### [Task goal]
In the records below, copy the line that contains "1747 Paris printing" and each line after it, word for word, through the last.

════

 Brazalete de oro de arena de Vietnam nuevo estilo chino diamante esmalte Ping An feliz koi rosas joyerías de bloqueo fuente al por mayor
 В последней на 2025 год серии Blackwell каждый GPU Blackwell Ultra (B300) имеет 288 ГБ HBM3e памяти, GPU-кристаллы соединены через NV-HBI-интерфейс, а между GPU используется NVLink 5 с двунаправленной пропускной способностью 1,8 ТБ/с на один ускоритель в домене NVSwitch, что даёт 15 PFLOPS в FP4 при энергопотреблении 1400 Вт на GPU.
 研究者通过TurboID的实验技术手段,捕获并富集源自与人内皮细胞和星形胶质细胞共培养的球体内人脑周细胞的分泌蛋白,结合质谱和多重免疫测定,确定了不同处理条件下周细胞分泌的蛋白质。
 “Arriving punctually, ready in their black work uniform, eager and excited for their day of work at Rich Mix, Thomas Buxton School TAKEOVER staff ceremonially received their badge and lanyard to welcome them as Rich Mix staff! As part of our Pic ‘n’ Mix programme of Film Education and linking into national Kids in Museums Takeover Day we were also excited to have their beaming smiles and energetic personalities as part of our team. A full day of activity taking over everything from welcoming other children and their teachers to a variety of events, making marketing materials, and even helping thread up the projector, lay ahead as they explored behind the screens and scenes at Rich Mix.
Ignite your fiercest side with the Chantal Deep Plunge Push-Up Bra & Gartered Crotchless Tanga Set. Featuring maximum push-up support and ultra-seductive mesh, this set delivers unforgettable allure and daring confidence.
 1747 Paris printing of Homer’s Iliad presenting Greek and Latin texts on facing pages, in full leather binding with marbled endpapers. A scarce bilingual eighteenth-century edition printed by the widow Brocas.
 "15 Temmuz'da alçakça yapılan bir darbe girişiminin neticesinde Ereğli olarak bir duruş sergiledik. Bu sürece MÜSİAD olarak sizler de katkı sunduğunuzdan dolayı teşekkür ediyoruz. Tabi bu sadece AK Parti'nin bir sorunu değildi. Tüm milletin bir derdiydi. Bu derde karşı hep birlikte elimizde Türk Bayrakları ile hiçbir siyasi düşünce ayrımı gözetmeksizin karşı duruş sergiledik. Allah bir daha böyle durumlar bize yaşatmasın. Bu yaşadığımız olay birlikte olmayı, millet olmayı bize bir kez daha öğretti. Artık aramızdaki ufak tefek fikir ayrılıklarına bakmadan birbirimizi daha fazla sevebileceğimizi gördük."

════

### [Answer section]
 1747 Paris printing of Homer’s Iliad presenting Greek and Latin texts on facing pages, in full leather binding with marbled endpapers. A scarce bilingual eighteenth-century edition printed by the widow Brocas.
 "15 Temmuz'da alçakça yapılan bir darbe girişiminin neticesinde Ereğli olarak bir duruş sergiledik. Bu sürece MÜSİAD olarak sizler de katkı sunduğunuzdan dolayı teşekkür ediyoruz. Tabi bu sadece AK Parti'nin bir sorunu değildi. Tüm milletin bir derdiydi. Bu derde karşı hep birlikte elimizde Türk Bayrakları ile hiçbir siyasi düşünce ayrımı gözetmeksizin karşı duruş sergiledik. Allah bir daha böyle durumlar bize yaşatmasın. Bu yaşadığımız olay birlikte olmayı, millet olmayı bize bir kez daha öğretti. Artık aramızdaki ufak tefek fikir ayrılıklarına bakmadan birbirimizi daha fazla sevebileceğimizi gördük."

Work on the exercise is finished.